A Warrior in the Making

Monday, May 01, 2006

Can You Hear Me Now

My wife, Amy, has recently taken over the Children's Ministry at our home church and is extremely excited about what God has called her to do. I envy her enthusiasm and passion. As a result of my jealousy, I am committing to actively pursue God's plan for my life. I have felt my entire life that God has a special calling for my life, but as of yet, He has not revealed that plan to me. This does not come as a surprise to me because I haven't been as faithful as I should and desire. I am reminded of the potter. A potter must place the clay exactly in the center of his wheel in order to bring his pot to shape. Likewise, I must put God in the center of my life so He came shape and mold me into his vision.

Dear Lord,

I am excited about putting you first in my life. I am looking forward to your loving hands molding and shaping me into your vision of me. I understand that not all your adjustments will be comfortable. I look forward to becoming the man of God you have called me to be. I pray that you open my ear to your calling and reveal you plan to me as I am ready to obey.

Your Humble Servant

Thursday, April 13, 2006

Serenity

The Serenity Prayer

God grant me the serenity
to accept the things I cannot change;
courage to change the things I can;
and wisdom to know the difference.

As I continue to contemplate the balance I seek in life, I am reminded of this simple prayer most often associated with 12 step recovery programs. I feel strongly that it is relevant for all. The flesh is addicted to sin. My commitment to Christ is significant in my recovery from sin. By breaking down the complications of life into simple categories, "can change or cannot change," we can find comfort. By allowing God to handle those things I cannot change, I can focus my energies on those things in which I can change. Me. My heart, attitude, actions...
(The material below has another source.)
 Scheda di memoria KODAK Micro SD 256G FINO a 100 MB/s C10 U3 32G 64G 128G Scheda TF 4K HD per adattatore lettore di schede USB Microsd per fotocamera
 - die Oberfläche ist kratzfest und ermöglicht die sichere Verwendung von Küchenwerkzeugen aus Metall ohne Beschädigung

Lord be with me and my loved ones this week. Help me to hear your calling for my life. Thank you for the peace or serenity you desire for my life. Guide me in my decisions. Thank you for your wisdom and blessings that allow me to do your will. I pray for a sincerity of heart, motivation to heed your call, and action in my life.

Humbly,

Your Servent

Friday, March 31, 2006

Old Bankers Never Die...

The adventure begins...

As a husband and a father of two little men. I am forced to contemplate the balance of life. I am finding success in the world of banking and enjoying the fruits of my labor and I have been blessed with a wonderful wife, Amy and two handsome boys, Ethan and Logan.
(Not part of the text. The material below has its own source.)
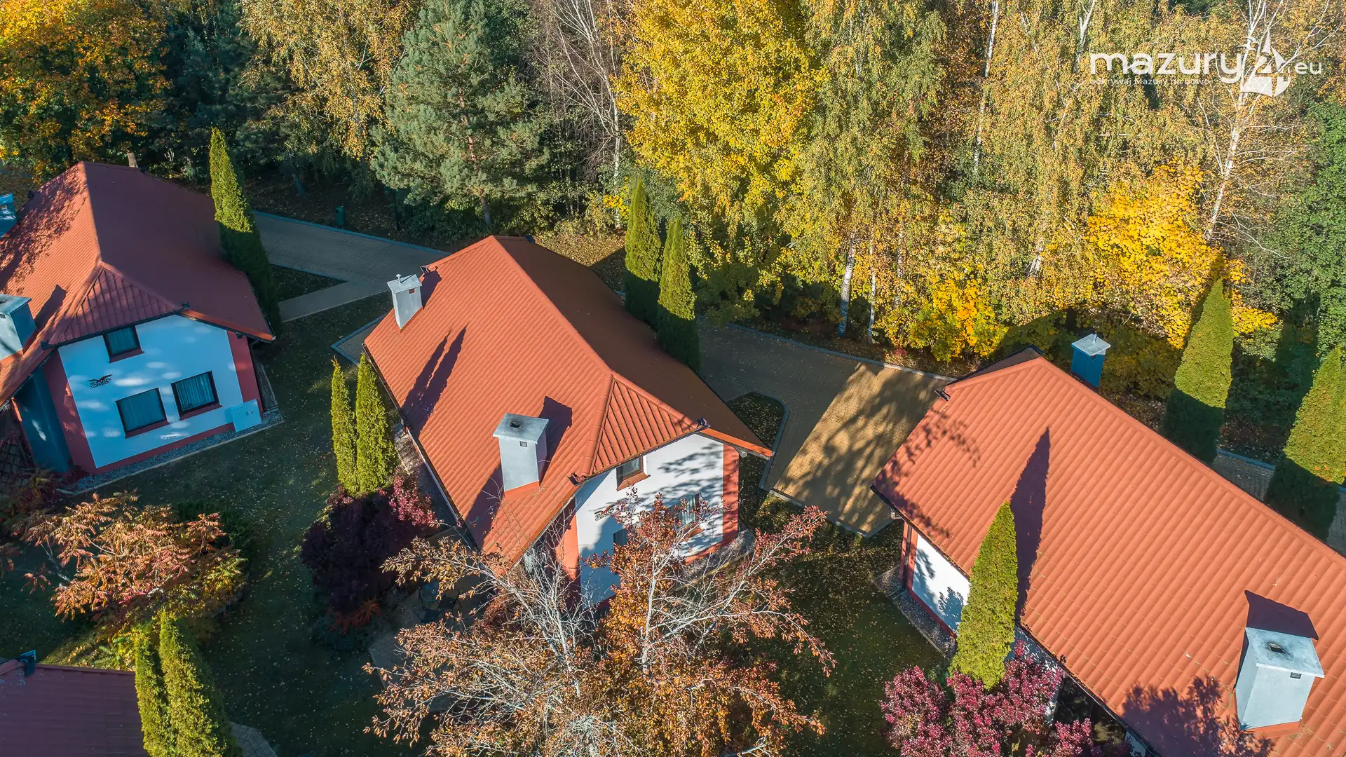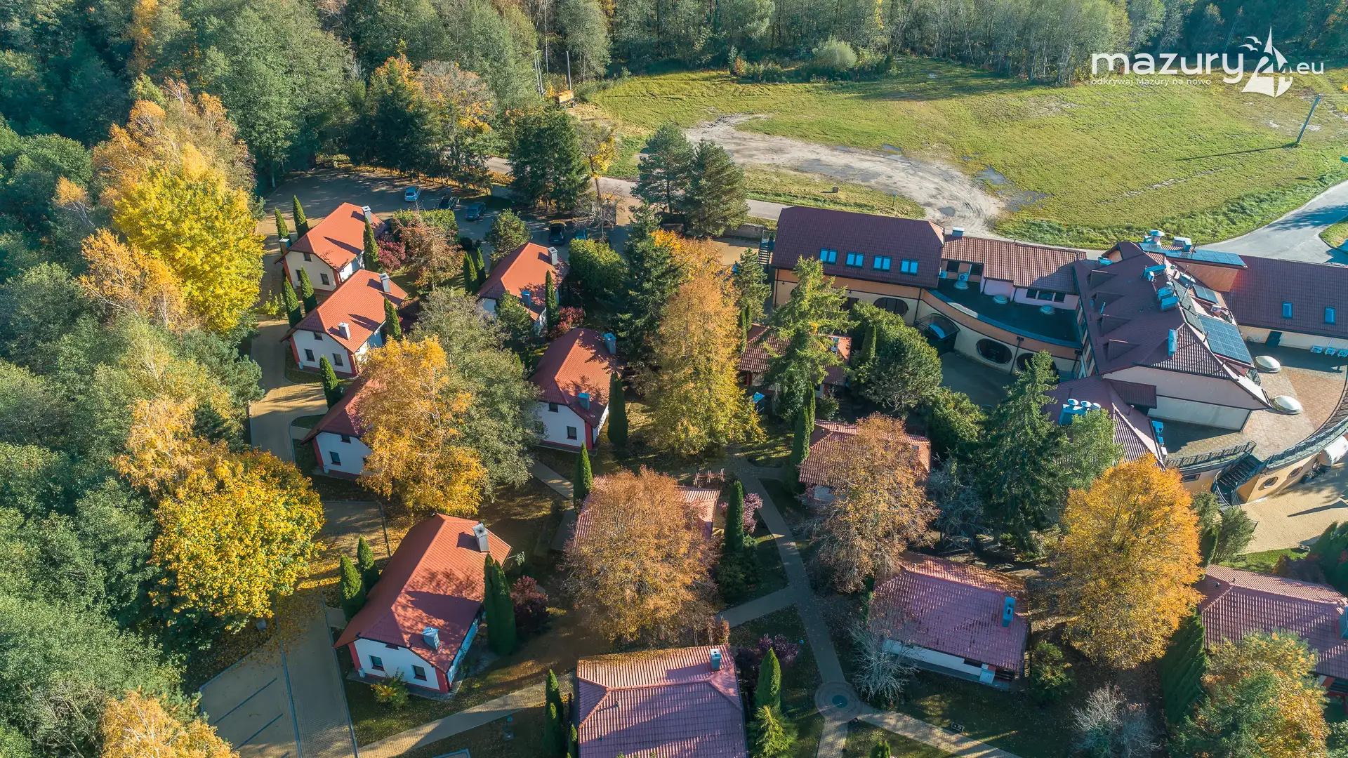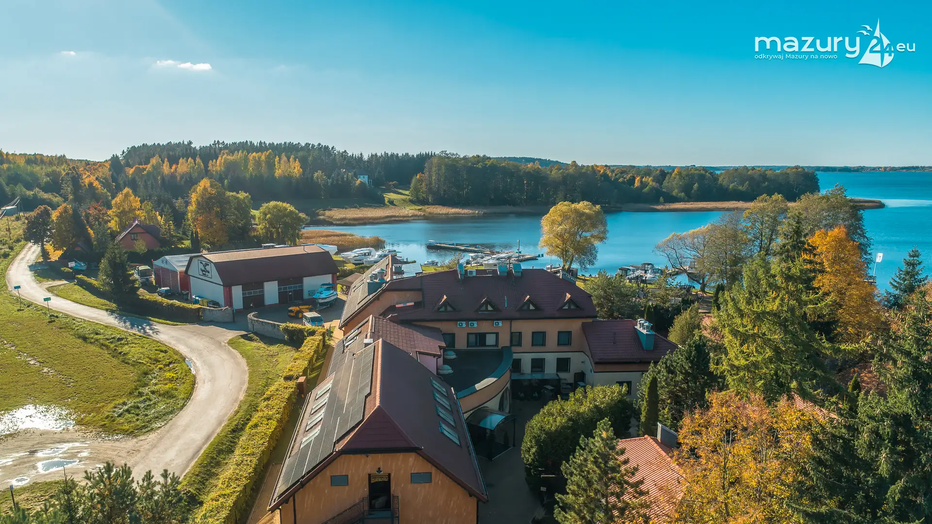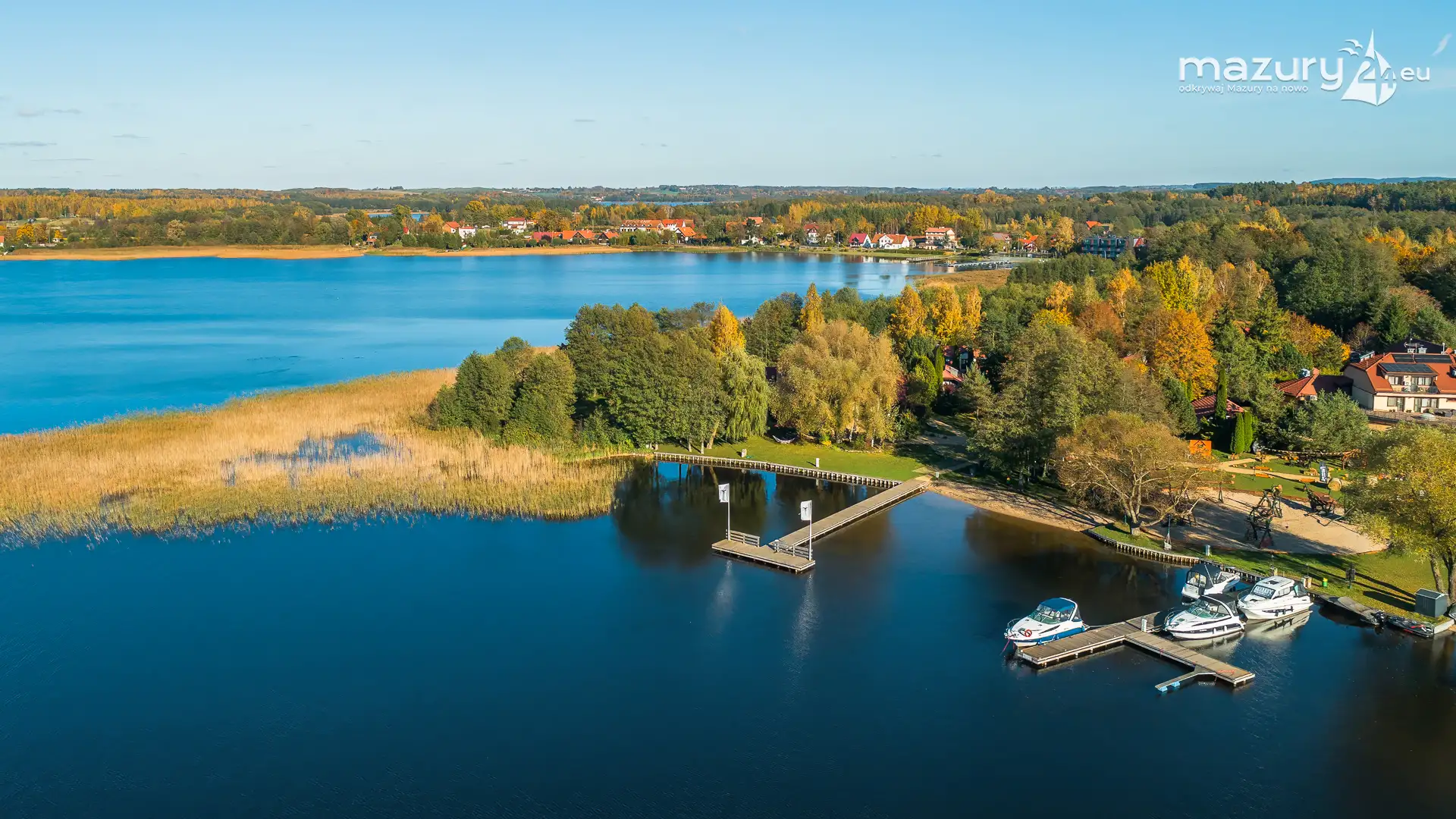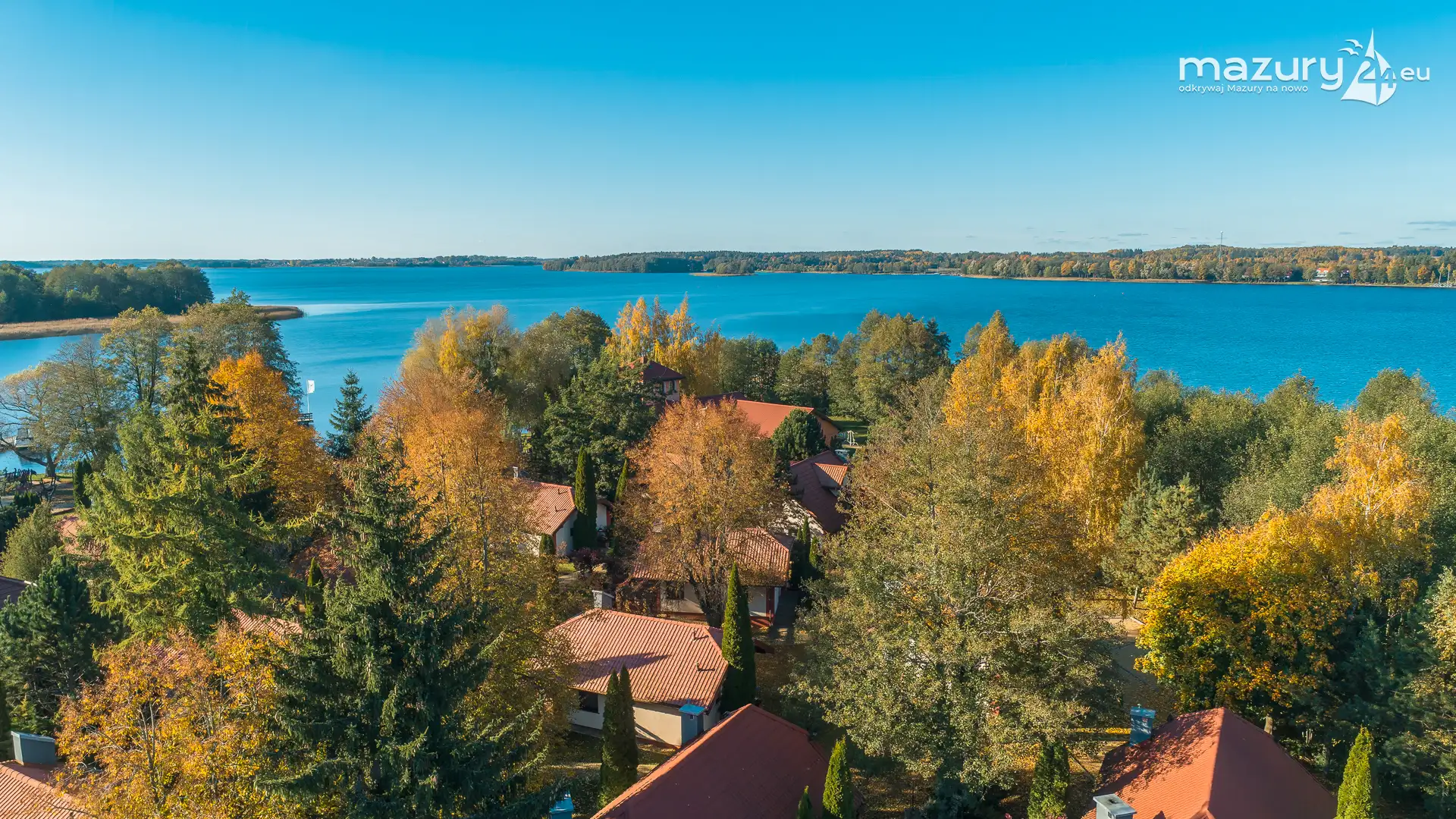Kolejnym miejscem które złapaliśmy "z góry" podczas wybuchu jesiennych kolorów jest jezioro Święcajty i port Ognisty Ptak, leżący na północnej części szlaków WJM. Niby nic takiego, pokazywaliśmy Wam to miejsce wiele razy, w końcu udało nam się jednak złapać jesienną paletę barw. Piękne te Mazury jesienią...

I find myself balancing on the edge of a sword. As the sole provider for my family, I must work deligently to continue advancing myself. To be the Godly husband and father I desire, I must conserve my energies so I am able to participate fully in life. Balance.

Lord, I pray for your guidance as I seek balance for my life. I thank you for all the blessings that you have given me. Watch over me and my family.